Выбрать главу

Жители бывшего дома Нирнзее, переименованного в 4-й дом Моссовета («Чедомос»), еще сушили белье на крыше и выбивали ковры, дети играли в «казаки-разбойники», посещали кружки бальных танцев и лепки, сооружали на крыше автомобиль, выпускали стенгазету, издавали рукописный журнал, публиковали свои первые стихи и рассказы. Они придумали себе утопическую «Республику Чедомос», где шел напряженный поиск диалога с миром. Там царило жизнеутверждающее, космическое, творческое начало, ты не мог, родившись в этом доме, например, не петь в хоре, или, что касается меня — опять же, на крыше, я играла Наф-Нафа в «Трех поросятах».

А они — вот с этих самых лет уже готовы были защищать свою «республику», а заодно и живой, пульсирующий мир, который открывался им с высоты. Мальчишки и девчонки вырезали себе деревянные ружья, по карте следили за войной в Испании, учились стрелять, бегали с противогазом, носилками, осваивали противовоздушную оборону, всем домом вступили в «Осоавиахим», у Люси сохранились значки ГТО, ГСО, ПВО, «ЗАОР» «Ворошиловский стрелок», листочек с азбукой Морзе — предчувствие войны висело в воздухе.

В 37-м вольный дух поднебесной «Республики» сочли подозрительным, что-то пушкинское неискоренимо витало на крыше, недаром здесь любили бывать поэты, даже сам Председатель Земного Шара Хлебников! Детский клуб распустили. Чтобы на крышу не просочился какой-нибудь залетный шпион, закрыли смотровую площадку. Рина Зеленая рассказывала мне: она когда-то в кабаре «Летучая мышь» изо-б — ражала ресторанную певицу и раздобыла себе для этого огромный надувной бюст. Она его надувала, выходила и пела: «В царство свободы дорогу грудью, ах, грудью проложим себе…». Потом сдувала, прятала в карман и бежала выступать в кабаре «Нерыдай».

В 30-х о подобных вольностях уж не было и речи. «Летучая мышь», взмахнув крылами, давно покинула Гнездниковский, а в опустевший подвал в кибитках въехали таборные цыгане. В канун Нового 31-го года Моссовет по ходатайству оргкомитета мобилизует Фаину Захарову на «выправление партийной линии» первого цыганского театра «Ромэн». Пару лет Ф.Ф. что-то там безуспешно выправляла, а потом всю жизнь гадала на картах, заваривала крепкий цыганский чай, любила ландрин, вспоминала, как ее подопечные, которых она тулила в партию, на вопрос о профессии неизменно отвечали: «Конокрад», каким донжуаном был драматург И. Ром-Лебедев, и вечно напевала романсы: «Ромны-Ромны красавец мой…».

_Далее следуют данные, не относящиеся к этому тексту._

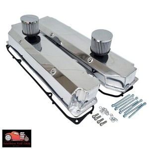 Small Block Chevy Polished Aluminum Fabricated Valve Covers SBC 350 400 Breather

Меж тем каждую ночь к «Чедомосу» подкатывали черные «маруси», а утром беспроволочный телеграф разносил вести об очередном исчезновении соседей. Исчезали по одному и целыми семьями. На седьмом этаже обитал прокурор Андрей Януарьевич Вышинский, толпами отправлявший людей на расстрел. В целях самосохранения «Ягуарыч» приватизировал лифт! У двери его неотлучно нес вахту охранник. «В 37-м по канализационным трубам нашего дома шла запрещенная литература, засоряя время от времени канализацию», — вспоминают старожилы. Бессонов и Янгиров приводят список репрессированных — с номерами их квартир, как это значится в документах НКВД. Треть жильцов дома. По нашему четвертому этажу: 425, 428, 429, 430 (Алмазов!), 432… Как будто кто-то невидимый с пулеметом выкашивал соседей, сапогом выставляя двери, вдоль которых Люсины сверстники раскатывали в коридорах широкие лозунги: «Дети — цветы жизни!».

С крыши «чедомосовцы» наблюдали, как меняется Москва: сносили и передвигали дома, превращая узкую Тверскую в широкую улицу Горького, на месте разрушенного Страстного монастыря появились кинотеатр «Россия» и сквер с фонтаном, куда переехал с бульвара Пушкин. Люся видела с крыши, как потерпел катастрофу огромный четырехмоторный самолет «Максим Горький». В праздники мимо Дома двигалась военная техника на Красную площадь, ребята на крыше «принимали парады». А когда по улице Горького проезжали Чкалов, папанинцы и другие герои, с крыши бросали вниз поздравительные открытки.